### Task requirements
Using the listing below, please print exactly the lines from the one with "Située dans la" through the one with "Azure tras las". Leave out every picture.

### Records supplied
[Start of section]
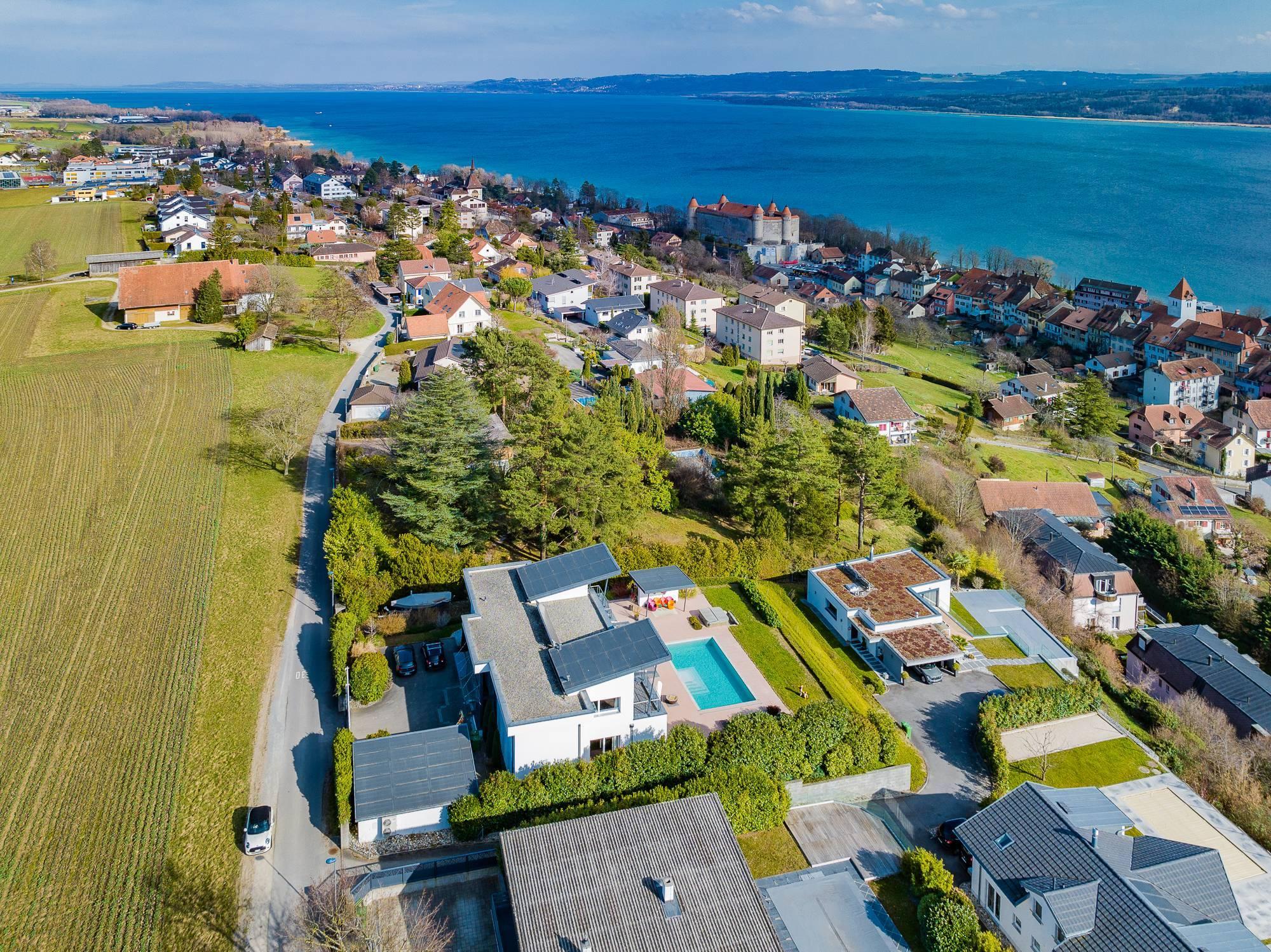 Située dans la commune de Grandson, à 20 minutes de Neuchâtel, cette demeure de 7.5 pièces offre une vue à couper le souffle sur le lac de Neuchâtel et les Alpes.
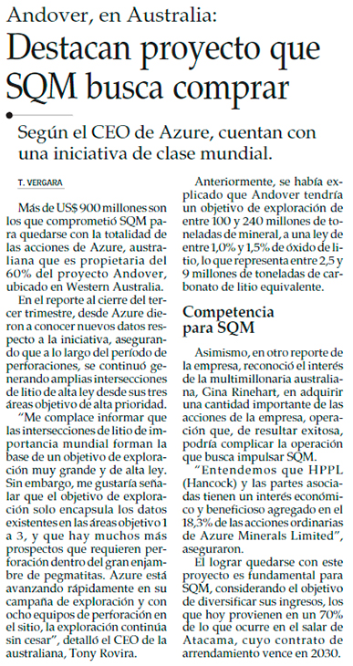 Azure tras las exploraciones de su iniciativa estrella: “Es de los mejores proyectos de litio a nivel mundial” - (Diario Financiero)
[End of section]
[Start of section]
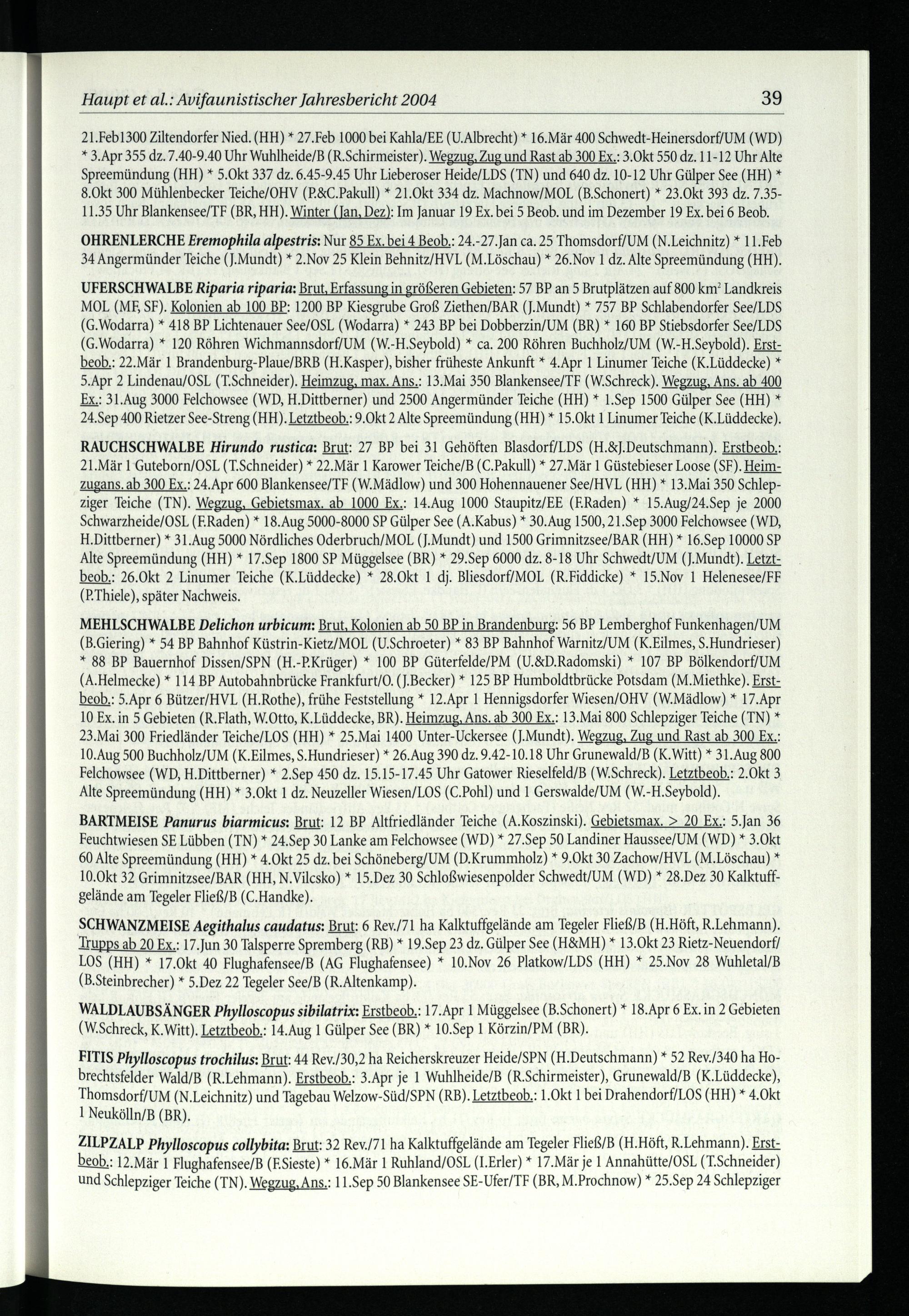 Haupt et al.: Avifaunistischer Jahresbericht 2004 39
[End of section]
[Start of section]
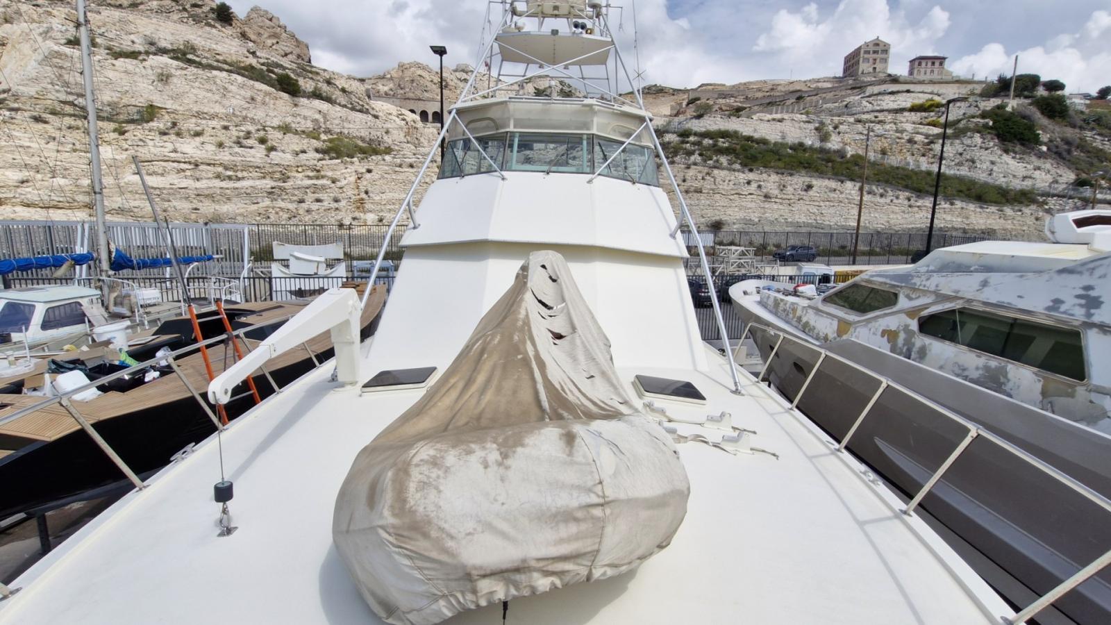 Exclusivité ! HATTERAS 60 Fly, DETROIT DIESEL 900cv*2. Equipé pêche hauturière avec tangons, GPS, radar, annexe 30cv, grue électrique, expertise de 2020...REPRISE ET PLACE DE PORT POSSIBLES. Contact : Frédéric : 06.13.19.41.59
[End of section]
### Response below
 Située dans la commune de Grandson, à 20 minutes de Neuchâtel, cette demeure de 7.5 pièces offre une vue à couper le souffle sur le lac de Neuchâtel et les Alpes.
 Azure tras las exploraciones de su iniciativa estrella: “Es de los mejores proyectos de litio a nivel mundial” - (Diario Financiero)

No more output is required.